Bu sorulara üretilen yanıtlar, hep patronun ya da şirket ortaklarının huyundan suyundan söz edilen sohbetlerle devam eder. İşçiler patronların ne ölçüde cimri ya da bonkör, ne kadar vicdanlı ya da vicdansız olduğuna dair gözlemlerini dedikodu tadında paylaşırlar. Ancak şu soru bir türlü yanıtlanmaz: Patronlar, işçilerin emeğini sömürerek o kadar zengin hale gelmelerine rağmen, neden işçilerin ücretlerini yükseltmekten hep kaçınırlar?
Soru basit gibi görünse de yanıtı o kadar basit değil. Bu sorunun yanıtı aslında bu dünyanın düzenini anlamanın da en önemli anahtarıdır. Diyelim ki 20 bin lira paranız var. Bu durumda ne yapardınız? Pek çok işçinin cevabının şöyle olacağı açık: “Borçlarımı kapatır rahat ederdim”, “evin eksiklerini alırdım”, “bu işten ayrılır, iyi bir işe girene kadar tatil yapardım” vb…
Peki ya 20 bin değil de 20 milyon lira, yani başlangıçta zikrettiğimiz 20 bin liranın bin katı bir paranız olsaydı ne yapardınız? İşte tam bu noktada çok ilginç bir durum ortaya çıkıyor. Bir kişi 20 bin liraya sahip olunca 20 bin lira ile istediğini yapabiliyor. Ancak aynı kişinin 20 milyon lirası olunca işler değişiyor. Kişi, 20 milyon liranın sahibi gibi gözükse de, gerçekte 20 milyon lira “kişiye sahip oluyor”. 20 bin lirayı dilediğince harcayabilirsin ama 20 milyon lirayı dilediğince harcayamazsın!
Şöyle ki, 20 milyon lira paranız varsa, ne yapacağınıza dair yanıtlarınız derhal değişmek zorundadır. Bundan böyle bu parayı korumak ve arttırmak öncelikli kaygınız haline gelecektir. Yani yatırım yapmak bir zorunluluk olarak karşınıza çıkacaktır. Peki, nereye yatırım yapacaksın? İster çok sayıda bina yaptırıp sat; ister şirket kurup ticaret yap, ister bir imalathane kurup birilerini işe alarak üretim yap… Her halükârda bu parayla yatırım yapmak, yani bu parayı sermaye haline getirmek zorunda kalacaksın.

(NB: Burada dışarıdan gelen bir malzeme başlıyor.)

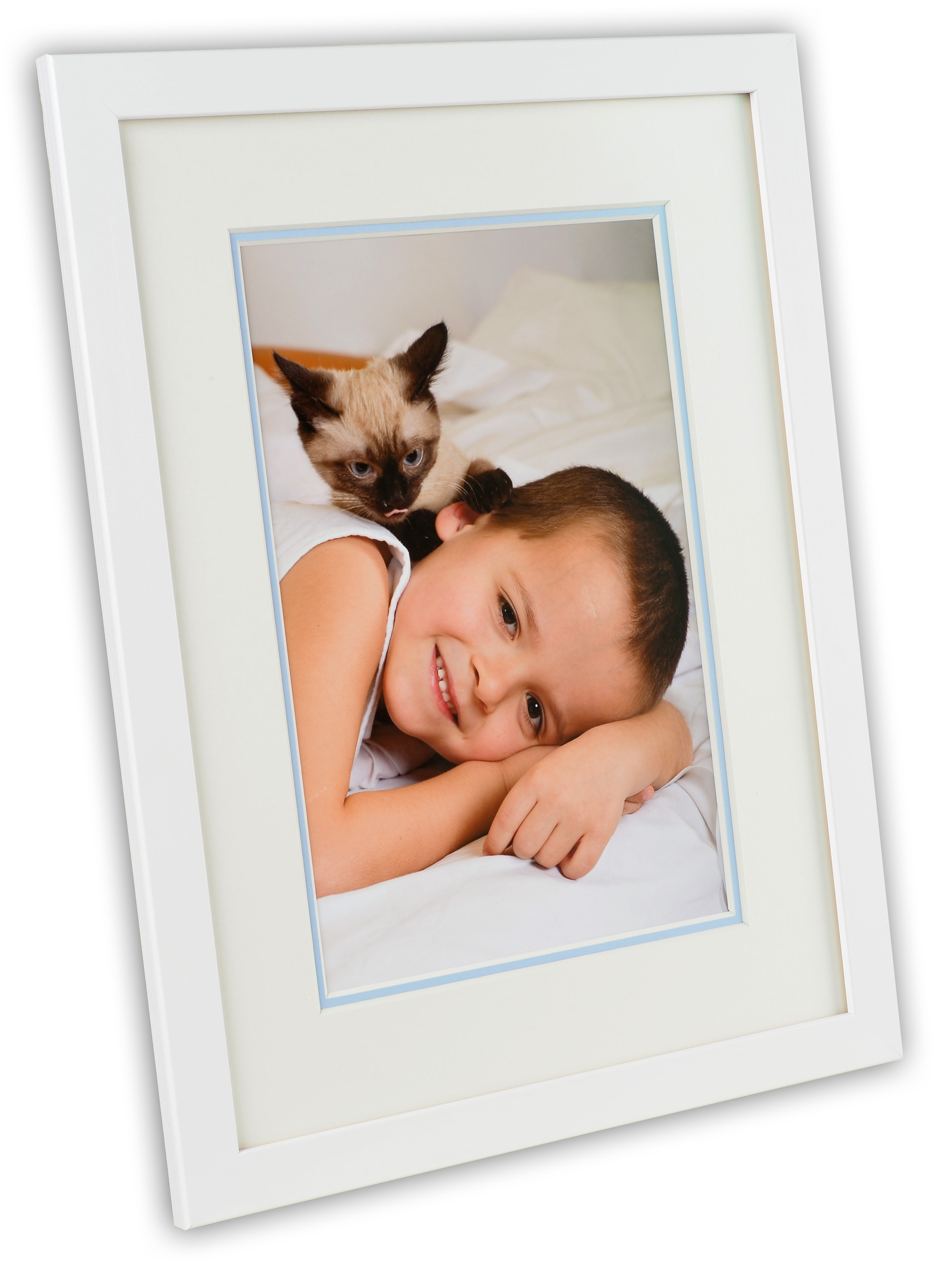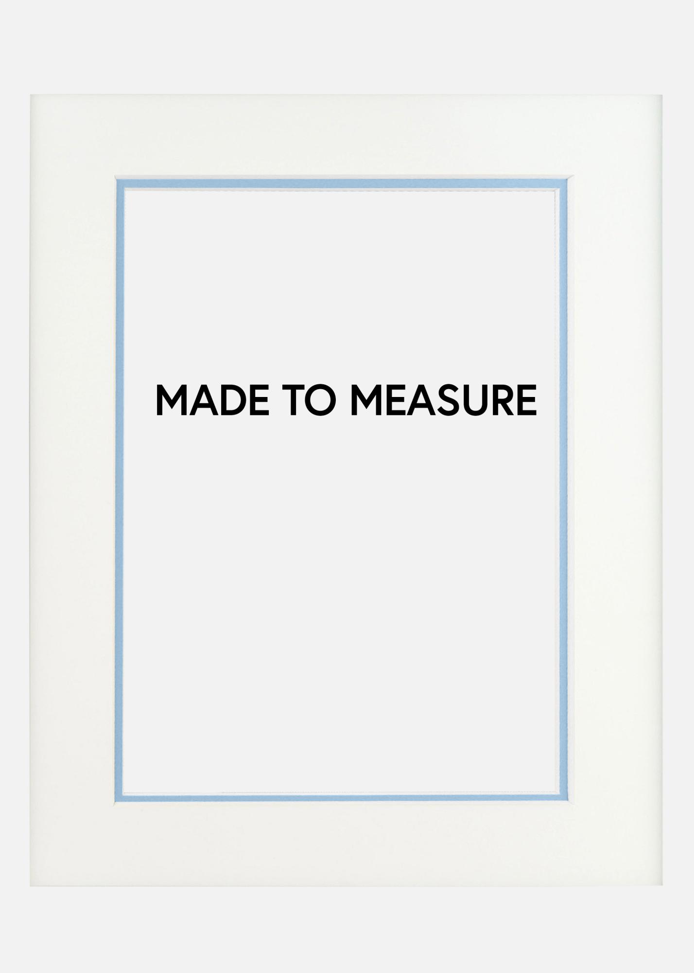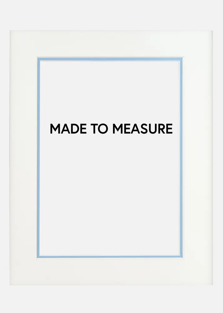 Måttbeställd passepartou i två lager med en vit passepartou som bas och ett undre lager i ljusblått som ger en färgad kant på 5 mm runtom bilden. Perfekt när du vill göra en effektfull inramning som framhäver din bild och ger ett extra djup till motivet. Alla våra passepartouter har snyggt skurna kanter i 45 graders vinkel vilket ger en seriös och professionell inramning till dina bilder.

Artık bu sermayeyi daha da arttırmak öncelikli kaygın, hatta yaşama sebebin haline gelecektir. Yani sermaye sana sahip olacak. Sermayeyi büyütmek için gece gündüz çalıştıracaksın.
Sermaye, sahibine çeşitli ayrıcalıklar sunacaktır elbette. Lüks konut, lüks araba, statü, “saygınlık”, güç vb… Ancak sahibi de o sermayeyi daha fazla büyütmekle yüz yüze, o sermayenin hizmetkârı ve bekçisine dönüşecektir. Dini, imanı, vicdanı, değer yargıları kalmayacaktır. Hepsi de sermayenin çıkarına hizmet edecek biçimde dönüşüme uğrayacaktır. Örneğin Soma’da kömür madeninde 301 işçi öldükten sonra maden sahibinin oğlu şöyle demişti: “Asıl mağdur biziz; kaza yüzünden çok para kaybettik.”
Sermaye aslında birikmiş emekten başka bir şey değildir. Bu birikmiş emek, elbette patronların emeği değil, işçilerin karşılığı ödenmemiş emeğidir. Sermaye işçilerin sömürüsüyle büyür. Kapitalizm, kapitalin, yani sermayenin egemen olduğu düzenin adıdır. Kapitalist diye adlandırılan patronlar ise sermayenin “kişileşmiş” halidirler. Patronlar sahip oldukları sermayeyi arttırmaya çalışmakla hem sermayeye hizmet eder, hem de sermayedar olmanın ayrıcalıklarını yaşarlar. Kapitalistler sermayenin büyümesini hedefler, işçilerin refahını değil. Sermaye için önemli olan insan değil kârdır. Düzen yanlısı politikacılar patronlarla iç içedir, işçilerle değil. Savaşlar bile rakip sermayelerin çıkar kavgalarından çıkar. Her kapitalist daha fazla üretmek, daha fazla satmak ve kâr etmek ister. Rekabet edemedikleri takdirde batarlar. Bu nedenle hiçbir patron vicdana gelip “şu kadar parayı da işçilerle paylaşayım” demez. “En iyi patron” bile işçileri sömürmek zorundadır. Meselâ Ali Koç gibi patronlar bazen kapitalist sistemden şikâyet ederler ama kendilerine ayrıcalıklar sunan bu sistemden vazgeçemezler.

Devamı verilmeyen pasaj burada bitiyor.